§ Data to examine:
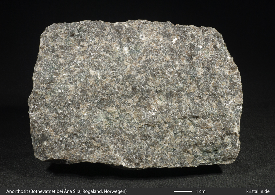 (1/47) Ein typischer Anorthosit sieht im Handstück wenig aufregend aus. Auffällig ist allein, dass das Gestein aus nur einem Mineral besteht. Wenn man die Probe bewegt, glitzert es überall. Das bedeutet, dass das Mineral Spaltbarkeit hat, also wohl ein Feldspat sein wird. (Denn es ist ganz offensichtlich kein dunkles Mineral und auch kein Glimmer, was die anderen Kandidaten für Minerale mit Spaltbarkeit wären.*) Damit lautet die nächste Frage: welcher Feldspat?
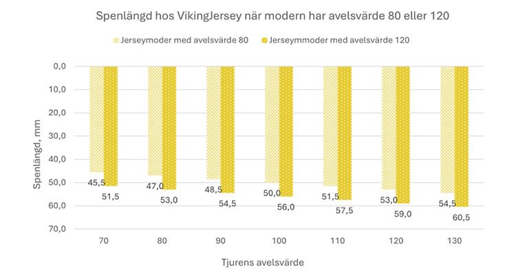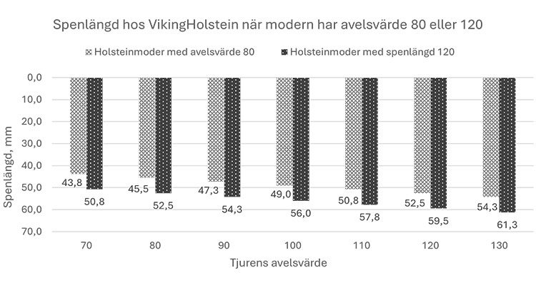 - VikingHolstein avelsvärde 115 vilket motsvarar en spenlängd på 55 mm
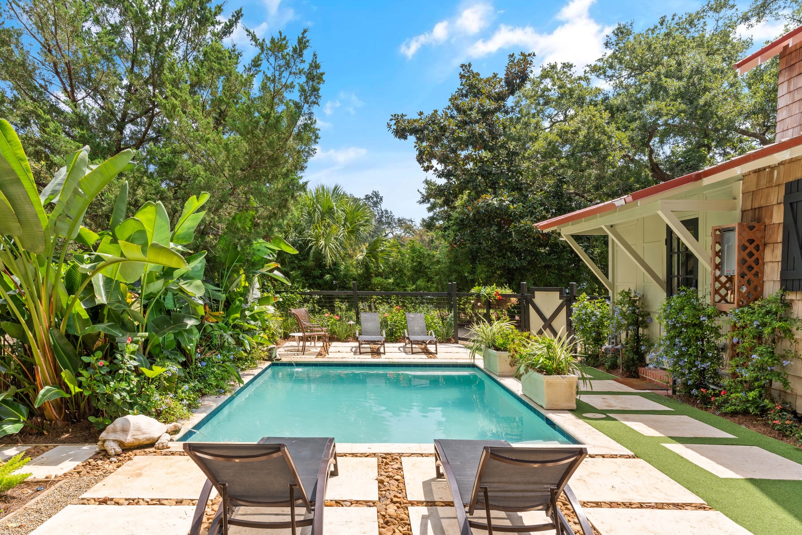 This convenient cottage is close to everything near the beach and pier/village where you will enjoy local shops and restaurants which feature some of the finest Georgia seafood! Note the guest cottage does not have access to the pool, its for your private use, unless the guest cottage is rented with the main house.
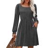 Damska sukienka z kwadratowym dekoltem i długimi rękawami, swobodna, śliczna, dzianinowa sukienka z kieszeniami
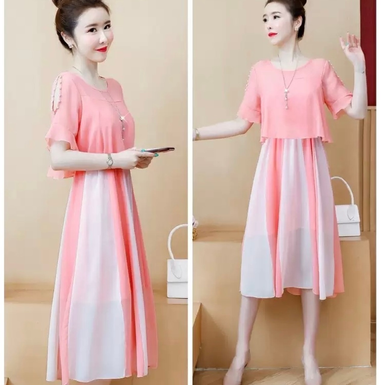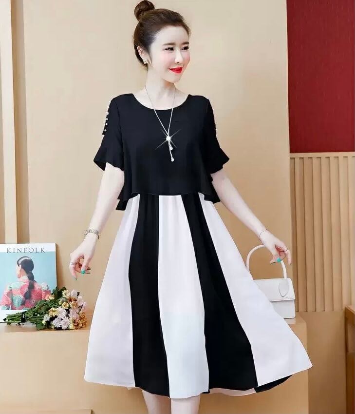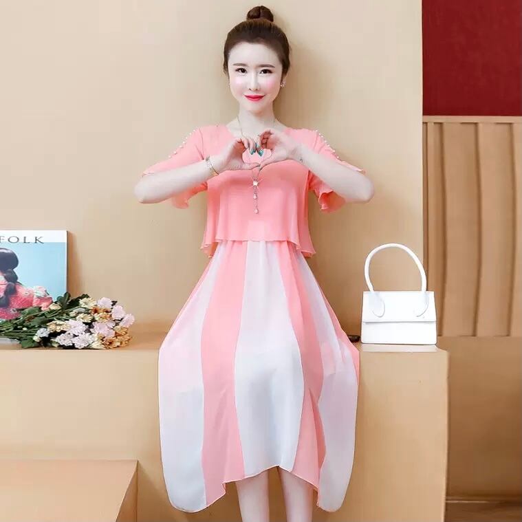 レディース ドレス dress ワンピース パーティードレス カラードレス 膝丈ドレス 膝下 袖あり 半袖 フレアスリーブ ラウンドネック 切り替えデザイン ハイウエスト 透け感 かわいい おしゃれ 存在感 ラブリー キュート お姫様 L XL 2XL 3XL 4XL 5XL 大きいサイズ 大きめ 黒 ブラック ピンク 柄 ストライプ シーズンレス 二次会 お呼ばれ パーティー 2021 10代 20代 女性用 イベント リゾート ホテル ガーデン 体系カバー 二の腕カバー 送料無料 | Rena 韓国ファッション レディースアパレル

...

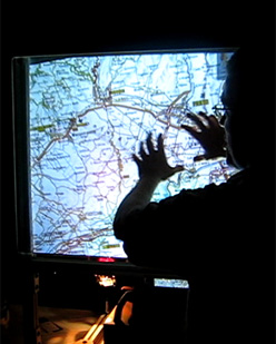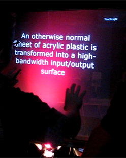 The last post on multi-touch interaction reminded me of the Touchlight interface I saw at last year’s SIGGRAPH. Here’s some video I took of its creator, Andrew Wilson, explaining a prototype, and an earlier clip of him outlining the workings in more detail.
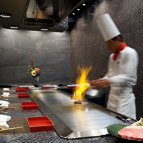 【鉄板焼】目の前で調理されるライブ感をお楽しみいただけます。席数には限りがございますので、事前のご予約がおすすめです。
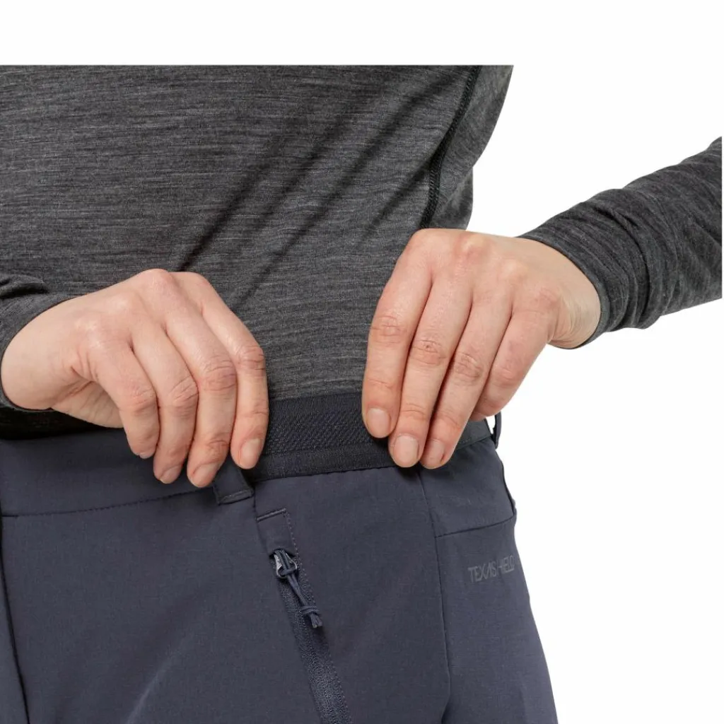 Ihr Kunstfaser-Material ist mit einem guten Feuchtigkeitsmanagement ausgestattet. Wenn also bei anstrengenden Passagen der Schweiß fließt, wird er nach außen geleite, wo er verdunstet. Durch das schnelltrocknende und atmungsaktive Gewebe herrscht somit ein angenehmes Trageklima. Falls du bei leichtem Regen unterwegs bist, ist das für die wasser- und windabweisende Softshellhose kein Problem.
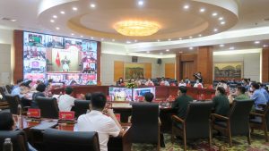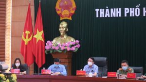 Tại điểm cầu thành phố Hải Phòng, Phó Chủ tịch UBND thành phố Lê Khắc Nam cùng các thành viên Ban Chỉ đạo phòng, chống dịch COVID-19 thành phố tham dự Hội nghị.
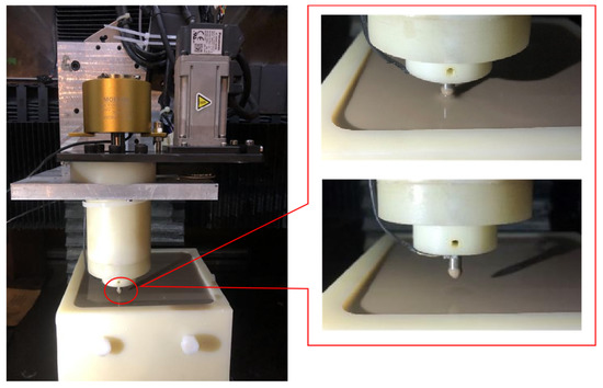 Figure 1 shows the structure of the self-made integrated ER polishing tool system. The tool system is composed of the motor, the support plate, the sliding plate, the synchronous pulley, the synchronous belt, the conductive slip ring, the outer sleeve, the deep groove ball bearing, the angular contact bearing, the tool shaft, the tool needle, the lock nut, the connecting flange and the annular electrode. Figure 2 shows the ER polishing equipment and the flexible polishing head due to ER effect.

...

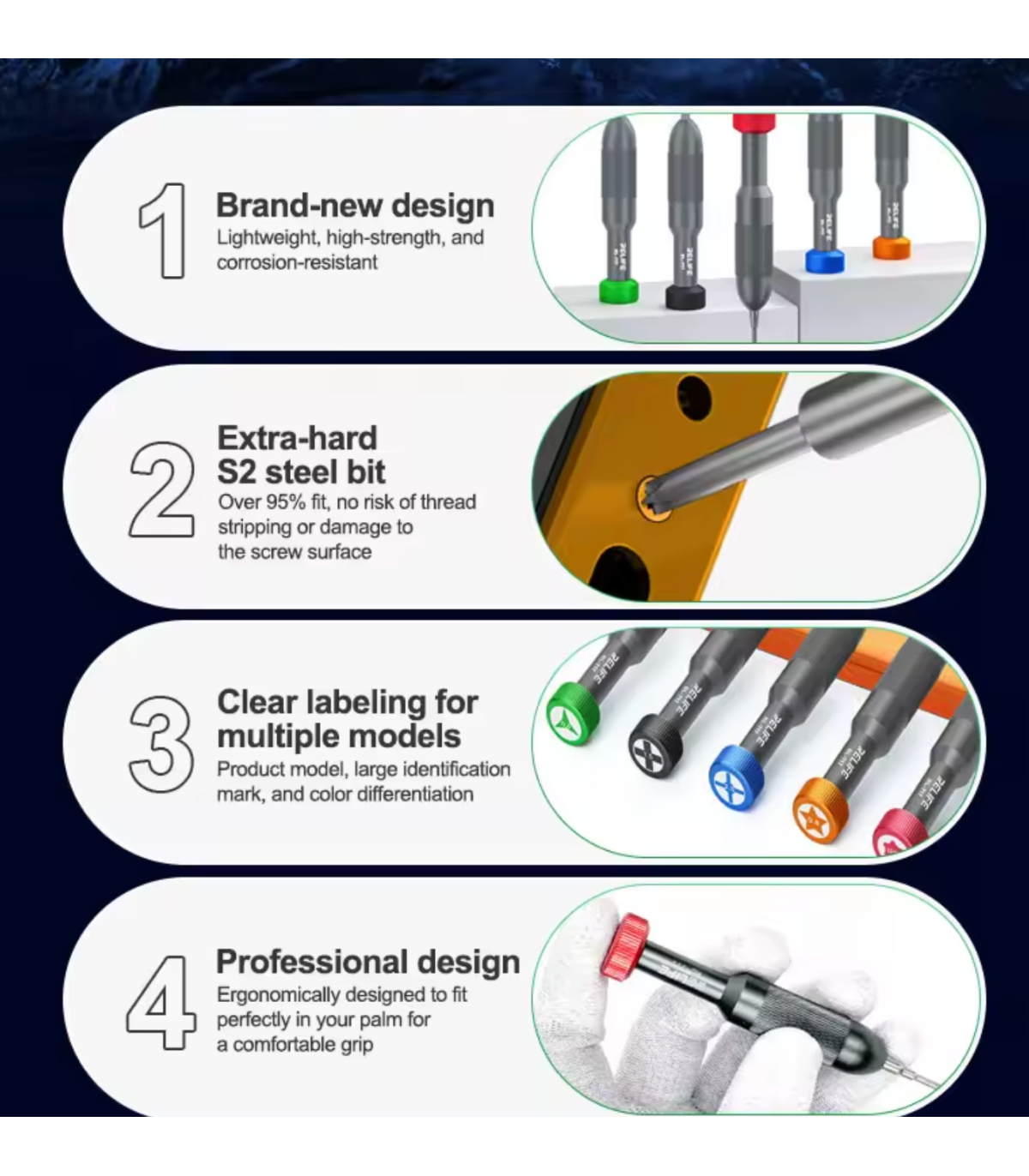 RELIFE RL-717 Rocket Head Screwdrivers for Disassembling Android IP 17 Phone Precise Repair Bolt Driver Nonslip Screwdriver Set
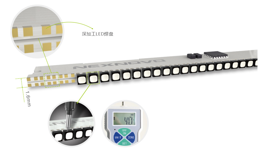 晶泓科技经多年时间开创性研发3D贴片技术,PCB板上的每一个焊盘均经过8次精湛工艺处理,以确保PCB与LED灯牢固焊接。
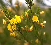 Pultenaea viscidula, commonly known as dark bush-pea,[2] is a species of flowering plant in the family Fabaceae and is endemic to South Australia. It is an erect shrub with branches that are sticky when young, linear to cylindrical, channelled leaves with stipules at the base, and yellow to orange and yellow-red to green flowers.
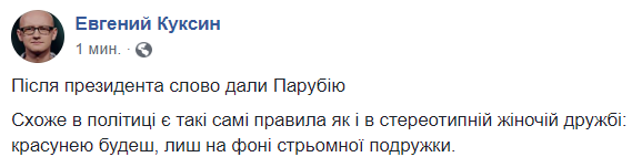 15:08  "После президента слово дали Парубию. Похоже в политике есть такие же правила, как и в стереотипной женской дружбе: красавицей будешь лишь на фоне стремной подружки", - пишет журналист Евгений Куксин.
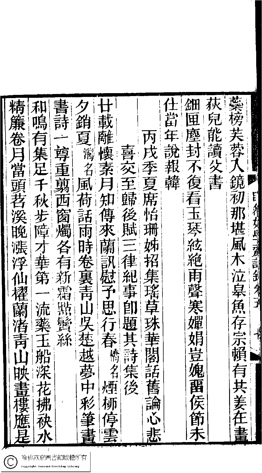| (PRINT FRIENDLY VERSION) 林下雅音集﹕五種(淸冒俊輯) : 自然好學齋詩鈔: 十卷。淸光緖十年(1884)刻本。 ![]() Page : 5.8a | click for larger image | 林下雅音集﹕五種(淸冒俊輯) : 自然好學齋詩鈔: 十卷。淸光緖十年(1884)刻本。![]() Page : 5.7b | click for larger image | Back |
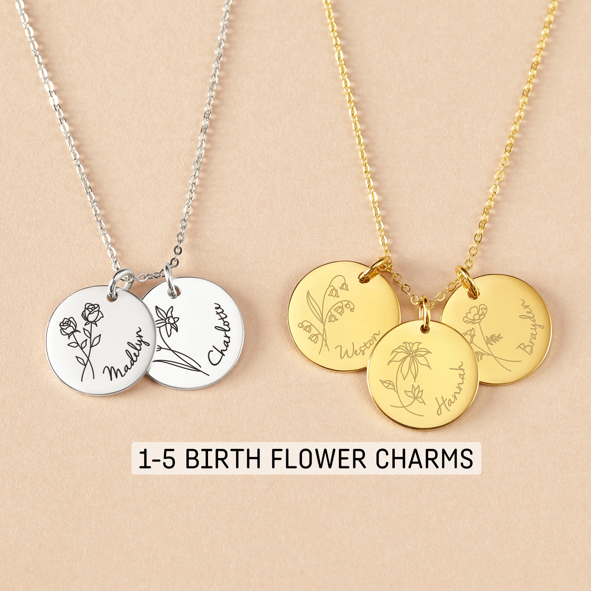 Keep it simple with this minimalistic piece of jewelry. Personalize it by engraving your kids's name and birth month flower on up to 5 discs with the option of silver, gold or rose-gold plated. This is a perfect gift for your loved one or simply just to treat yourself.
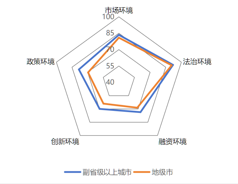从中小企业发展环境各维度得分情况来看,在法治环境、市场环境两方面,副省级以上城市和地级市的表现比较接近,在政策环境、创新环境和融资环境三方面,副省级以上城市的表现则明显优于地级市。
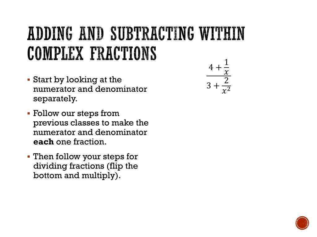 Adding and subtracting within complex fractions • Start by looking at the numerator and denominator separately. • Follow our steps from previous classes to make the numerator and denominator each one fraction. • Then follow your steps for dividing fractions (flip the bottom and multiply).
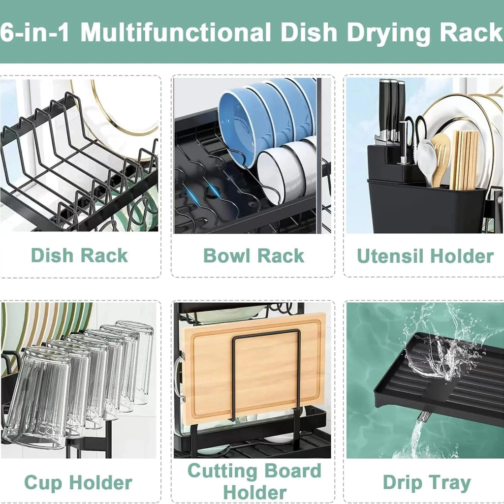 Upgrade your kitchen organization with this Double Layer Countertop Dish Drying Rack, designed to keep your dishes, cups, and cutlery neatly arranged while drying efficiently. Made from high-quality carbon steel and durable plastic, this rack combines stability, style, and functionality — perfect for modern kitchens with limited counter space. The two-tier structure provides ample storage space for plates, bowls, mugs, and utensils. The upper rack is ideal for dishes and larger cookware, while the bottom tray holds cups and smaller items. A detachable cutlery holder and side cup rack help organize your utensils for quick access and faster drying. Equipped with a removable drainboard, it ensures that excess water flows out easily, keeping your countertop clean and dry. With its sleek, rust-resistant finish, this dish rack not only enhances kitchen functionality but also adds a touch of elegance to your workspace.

§ Exercise aim: In the listing above, find the line containing "Ihr Kunstfaser-Material ist" and the line containing "Figure 1 shows", then output those two lines and everything between them exactly as written, without the images.

§ Written solution:
 Ihr Kunstfaser-Material ist mit einem guten Feuchtigkeitsmanagement ausgestattet. Wenn also bei anstrengenden Passagen der Schweiß fließt, wird er nach außen geleite, wo er verdunstet. Durch das schnelltrocknende und atmungsaktive Gewebe herrscht somit ein angenehmes Trageklima. Falls du bei leichtem Regen unterwegs bist, ist das für die wasser- und windabweisende Softshellhose kein Problem.
 Tại điểm cầu thành phố Hải Phòng, Phó Chủ tịch UBND thành phố Lê Khắc Nam cùng các thành viên Ban Chỉ đạo phòng, chống dịch COVID-19 thành phố tham dự Hội nghị.
 Figure 1 shows the structure of the self-made integrated ER polishing tool system. The tool system is composed of the motor, the support plate, the sliding plate, the synchronous pulley, the synchronous belt, the conductive slip ring, the outer sleeve, the deep groove ball bearing, the angular contact bearing, the tool shaft, the tool needle, the lock nut, the connecting flange and the annular electrode. Figure 2 shows the ER polishing equipment and the flexible polishing head due to ER effect.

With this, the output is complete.